Inside the Spanish lab seeking the definitive Covid-19 vaccine
Luis Enjuanes should be retired by now, but he is heading a team of 16 people trying to develop complete immunization from the coronavirus
One of the world’s leading experts on coronavirus, Luis Enjuanes, works out of an office no more than five square meters in size. On the second floor of the National Biotechnology Center (CNB) of the Spanish National Research Council (CSIC), in Tres Cantos, Madrid, he has a team of 16 people working in the laboratory outside his door, where the search for a vaccine that provides sterilizing immunity against the coronavirus began almost two years ago.
If there is one thing scientists don’t like, it’s answering the question most loved by journalists: “When could it (in this case, the vaccine) be ready?” There are so many factors that influence how research pans out that predicting its success often leads to mistakes. Initially, Enjuanes’ team thought they might have the vaccine by now. But there have been obstacles. At this point, “if everything goes to plan,” Enjuanes is speaking about one more year. “Luckily, vaccines are no longer as urgent as they were at the beginning of the pandemic,” he says.
For Enjuanes’ team’s vaccine to be worthwhile, it must contribute a characteristic lacking in those that already exist. This could be sterilizing immunity, meaning those who get the vaccine neither become infected nor infect others. The most effective way this can be administered is via a nasal application. “If you use intramuscular injection, either in the arm, in the thigh or in the buttock, it provides a systemic, internal immunity, which lasts for 20, 40, 60 years and a single dose is good. However, it is not what we need right now; what we need now is immunity that protects the mucous membranes,” he says.
The problem with intranasal vaccines is that getting them approved is complicated. Regulatory bodies subject them to strong safety measures, as they fear that some component of the drug might cross the blood-brain barrier – the one that protects the brain from harmful substances – and cause unwanted side effects.
Enjuanes maintains that this possibility is minimal and that there are other drugs that are applied through the nose without this happening. But since it is not “the health authorities’ preferred method,” they are working on two versions of the vaccine; one, intranasal and the other, intramuscular. “I am convinced that if they could administer the same Pfizer or Moderna vaccine intranasally, two doses would not be necessary,” he says. “And the people who got it would not get the virus. And if they did, it would not replicate and they would not pass it on to other people.”
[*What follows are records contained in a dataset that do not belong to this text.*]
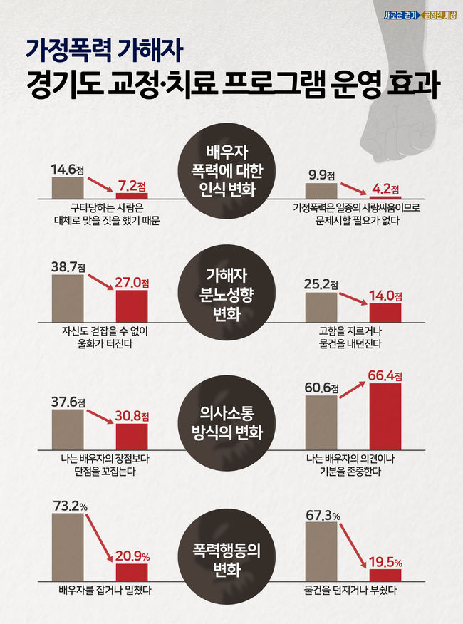 경기도가 가정폭력 가해자를 대상으로 실시하는 ‘교정·치료 프로그램 운영 사업’이 잘못된 폭력 인식 개선이나 폭력 행동 감소에 효과가 있다는 설문조사가 나왔다.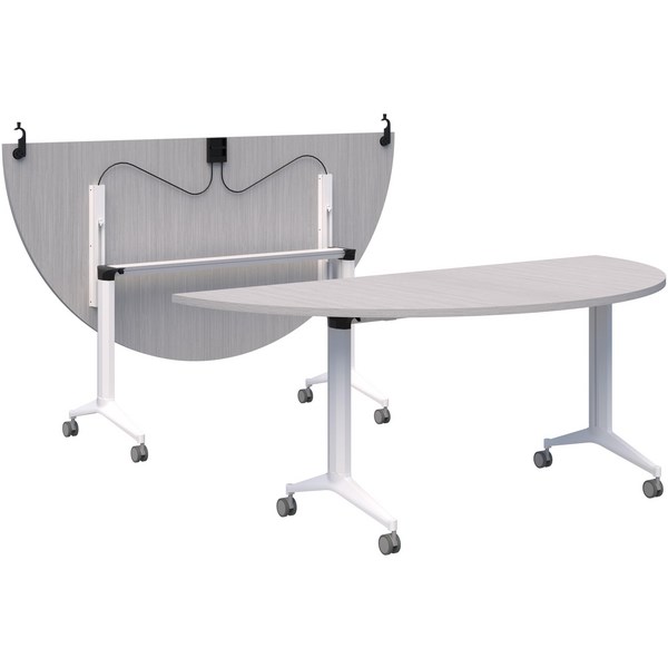 The Boost Semi-Circle Flip Table is a foldable, mobile table with lockable castors, designed for meeting or training rooms. It features a simple flip mechanism that is smooth and easy to use and can be easily joined with connectors.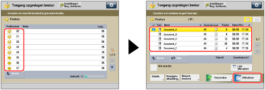 Selecteer het gewenste postvak → selecteer het gewenste bestand → druk op [Afdrukken].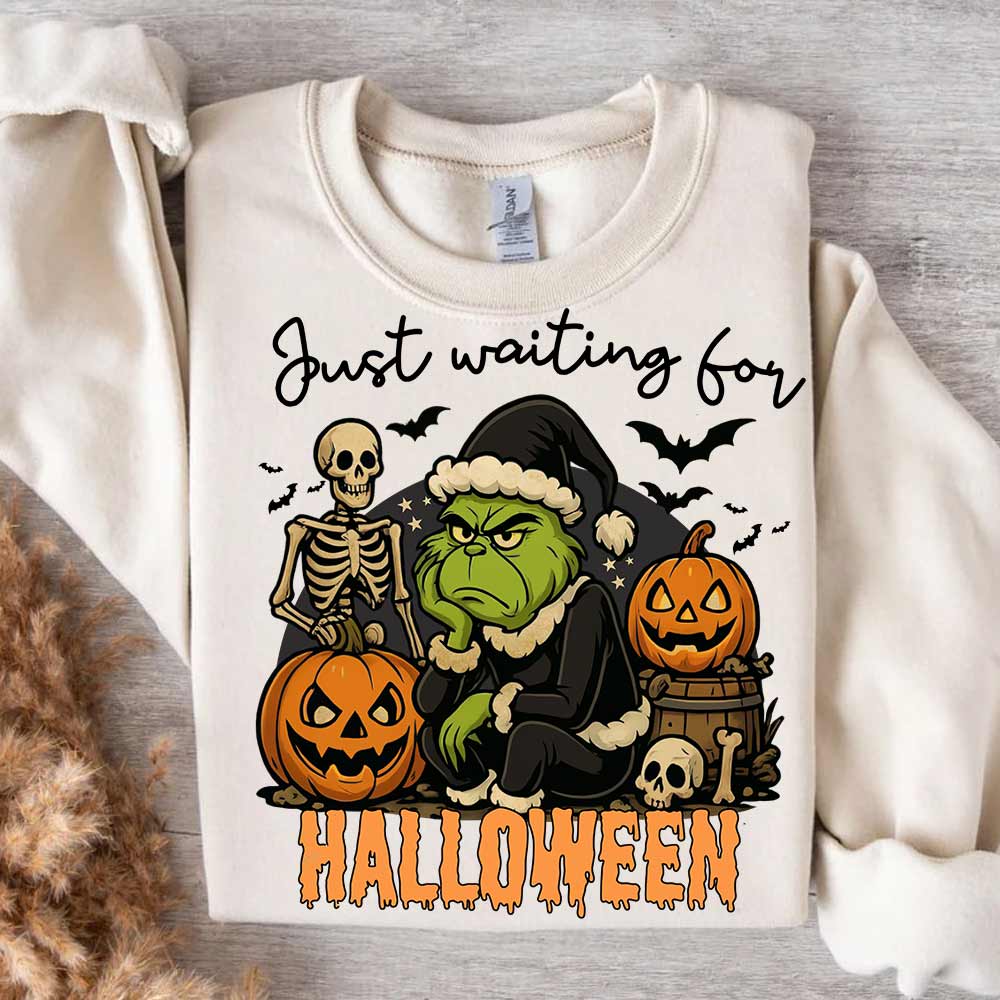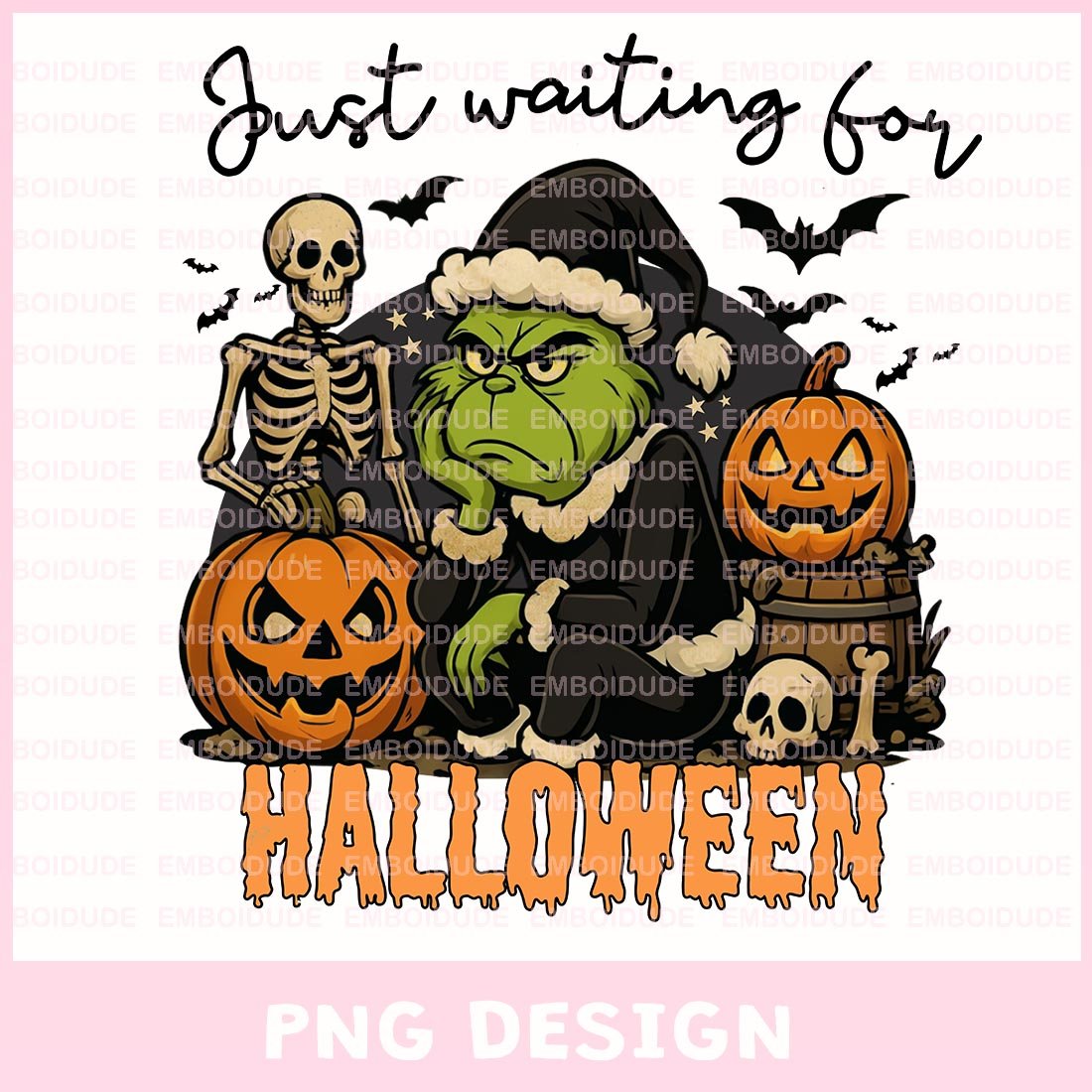 Grinch Just Waiting For Halloween Png Designs, Funny grinch Halloween Sublimation Png, Spooky Season Clip Art, Vintage Grinch Coffee Design, Digital Download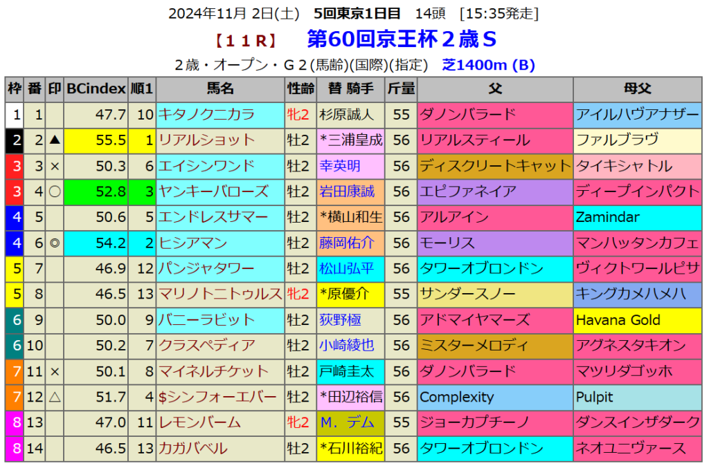 京王杯2歳Sの血統指数予想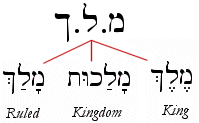Observe that the three words shown (melekh, malkhut, and malakh, respectively) all derive from the same shoresh (Mem, Lamed, Kaf). Identifying the shoresh of a given word is one of the fundamental tasks you will face as you begin to read Hebrew with comprehension.

In the race to launch the first effective vaccines, Pfizer-BioNTech, Moderna and several other brands, such as AstraZeneca, were first over the finishing line. Janssen, which arrived a little later, had to provide something the others lacked, which turned out to be that it did not need to be stored at extremely low temperatures and it required (in principle) a single dose. Vaccines against Covid-19 will continue to evolve and adapt, bringing improvements, but there will no longer be the urgency that was there initially when it was imperative that something be found to put the brakes on an explosive pandemic ripping through an un-immunized global population.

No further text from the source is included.